Follow the ACCESS link at the end of this lesson for a complete list of supercomputing resources, but below is an example of some of the systems available (last updated August of 2022).
Bridges2 at the Pittsburgh Supercomputing Center (PSC)
488 RM Regular Memory compute nodes
- 2 x AMD EPYC 7742 –> 128 cores
- 256 GB memory (16 more nodes have 512 GB each)
- 3.84 TB NVMe SSD
- Mellanox HDR 200 Gbps network
4 EM Extreme Memory compute nodes
- 4 x Intel Cascade 8260M –> 96 cores
- 4 TB memory
- 7.68 TB NVMe SSD
- Mellanox HDR 200 Gbps network
24 GPU compute nodes
- 2 x Intel Gold Cascade 6248 –> 40 cores
- 8 x NVIDIA Tesla v100 32 GB sxm2 GPU cards
- 512 GB memory
- 7.68 TB NVMe SSD
- Mellanox HDR 200 Gbps network
Expanse at the San Diego Supercomputing Center (SDSC)
728 compute nodes
- 2 x AMD EPYC 7742 –> 128 cores
- 256 GB memory
4 Large Memory nodes
- 4 x Intel Cascade 8260M –> 96 cores
- 2 TB memory
52 GPU nodes
- 2 x Intel Xeon 6248 –> 40 cores
- 4 x NVIDIA Tesla v100 GPU cards
- 384 GB memory
Cluster-wide capabilities
- 12 PetaByte Lustre file system
- 7 PetaByte CEPH object store
- 56 Gbps bi-directional HDR InfiniBand network
National Energy Research Scientific Computing Center (NERSC)
While allocations for the NSF supercomputing centers are managed through the ACCESS website, external access to the Department of Energy (DoE) supercomputers are managed through NERSC with the website link at the end of this module. Many DoE supercomputers can be accessed by scientists in universities and laboratories, but the process is more involved. Access is still free, but you typically need to write a proposal for significant node-hours and fully justify that the science you intend to do is important and fits within the DoE mission, and demonstrate that your code will use the requested resources efficiently.
Open Science Grid (OSG)
If you need to run many smaller jobs, then High-Throughput Computing (HTC) covered in the previous chapter may be ideal for you. OSG access is fairly easy for users in the U.S. and provides virtually unlimited access.
National Research Platform (NRP)
The NRP is a partnership of over 50 institutions led by UC San Diego supported in large part by NSF. The Nautilus system is a HyperCluster for running containerized big data applications using kubernetes for the container management. This is a distributed set of compute nodes similar to OSG but applications must specifically be self-contained and are guaranteed isolated access to the resources allocated.
While kubernetes is more difficult for the average user, this system provides access to much more powerful computing including very high-end GPUs.

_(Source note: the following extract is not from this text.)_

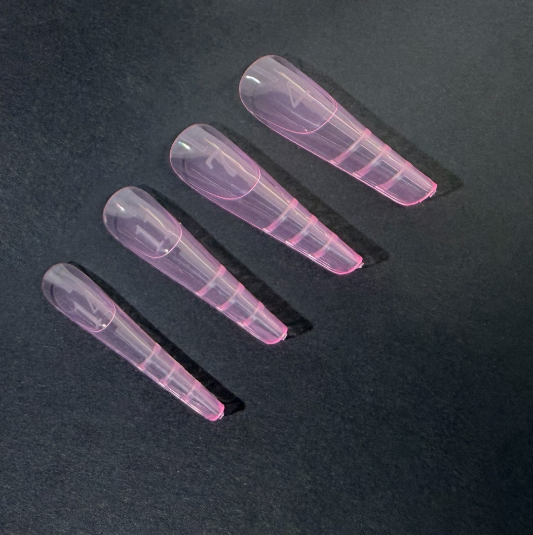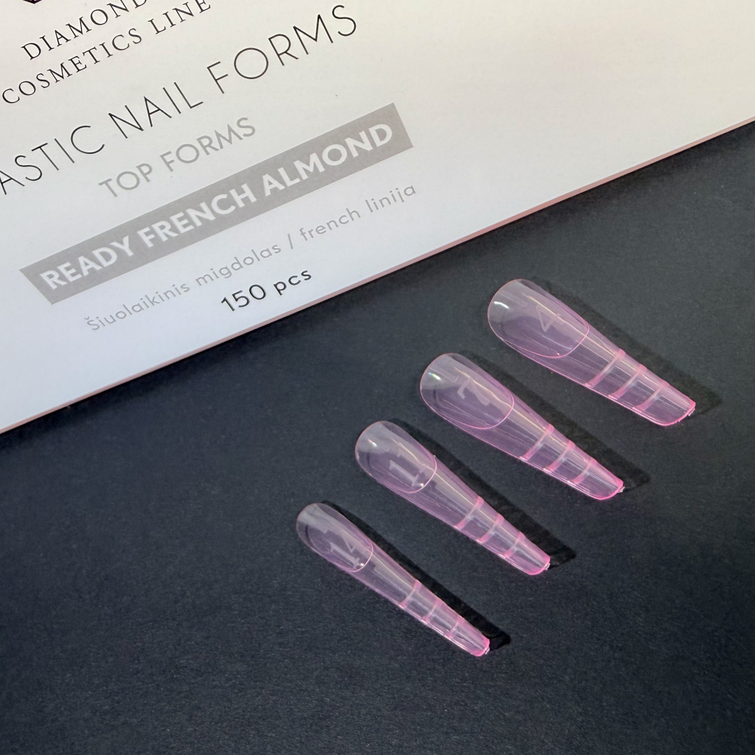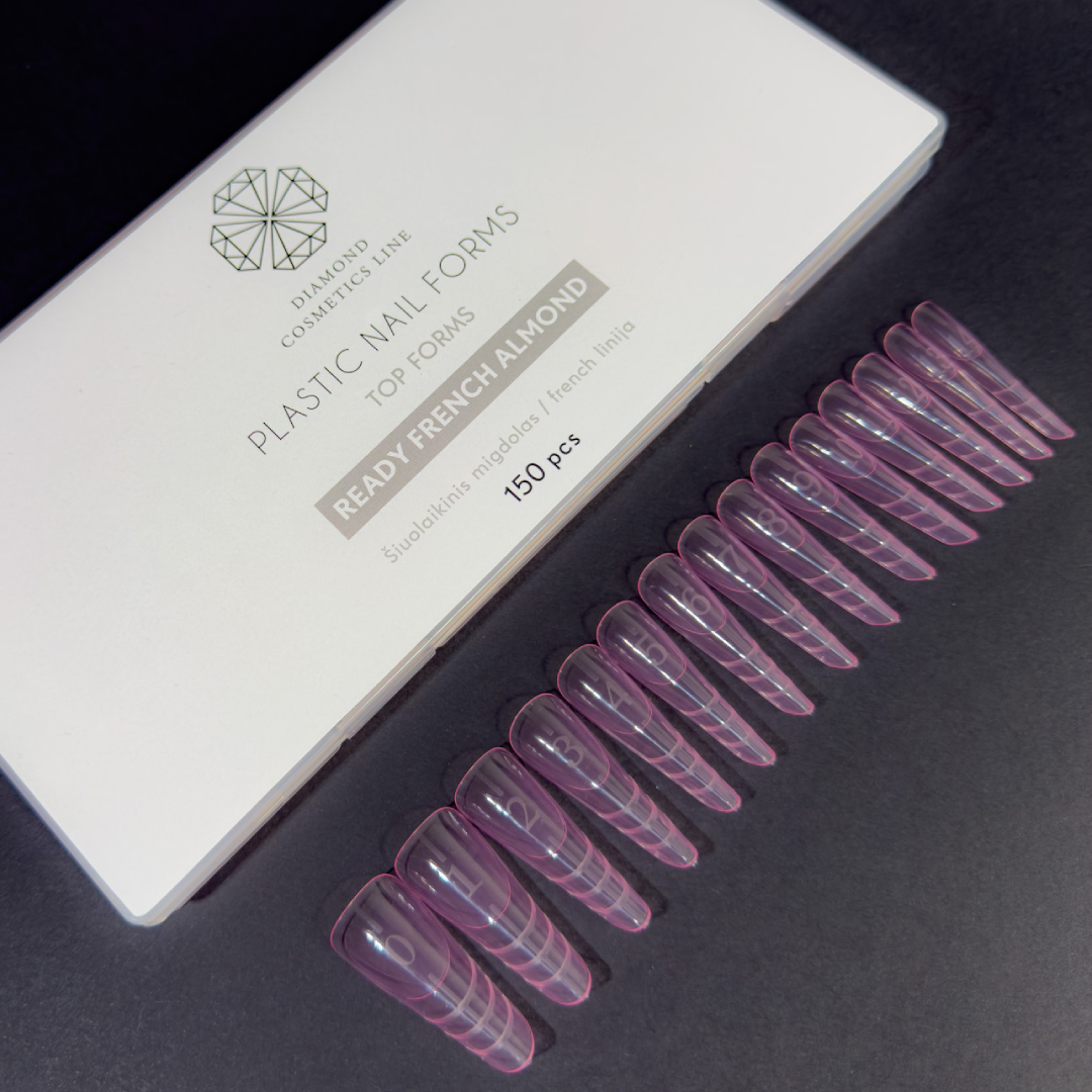 Plastikinės formelės nagų priauginimui ,,Ready French Almond”, skirtos greitam ir tiksliam nagų priauginimui geliu ar poligeliu. Šios formelės sukurtos formuoti šiuolaikinio migdolo formos nagus su aiškiai pažymėta French linija – puikus pasirinkimas tiek klasikiniam, tiek moderniam prancūziškam dizainui.

The compute nodes are mainly GPU-based and research is aimed at Machine Learning codes.
Cloud Computing
Running HPC jobs in the cloud is much more difficult and costly than many people understand. Most cloud computing vendors do give small amounts of access away for free on a trial basis for those that want to experiment. The amount is very minimal in the context of running an HPC job.
As of August of 2024, Google Cloud Platform (GCP) offered $300 credit to new customers for example. Amazon Web Services (AWS) offered several free trial plans with $750 credits. Microsoft Azure offers a $200 credit for 30 days for eligible new customers.
Summary
Many projects that start on a laptop or desktop system end up needing larger resources. Transitioning to an HPC system can be challenging, but the best news is that HPC resources are often free for the asking. You just need to know where and how to ask, and hopefully this module will give you ideas on where to start.
Key Points
- There are many HPC resources that are totally free for the asking.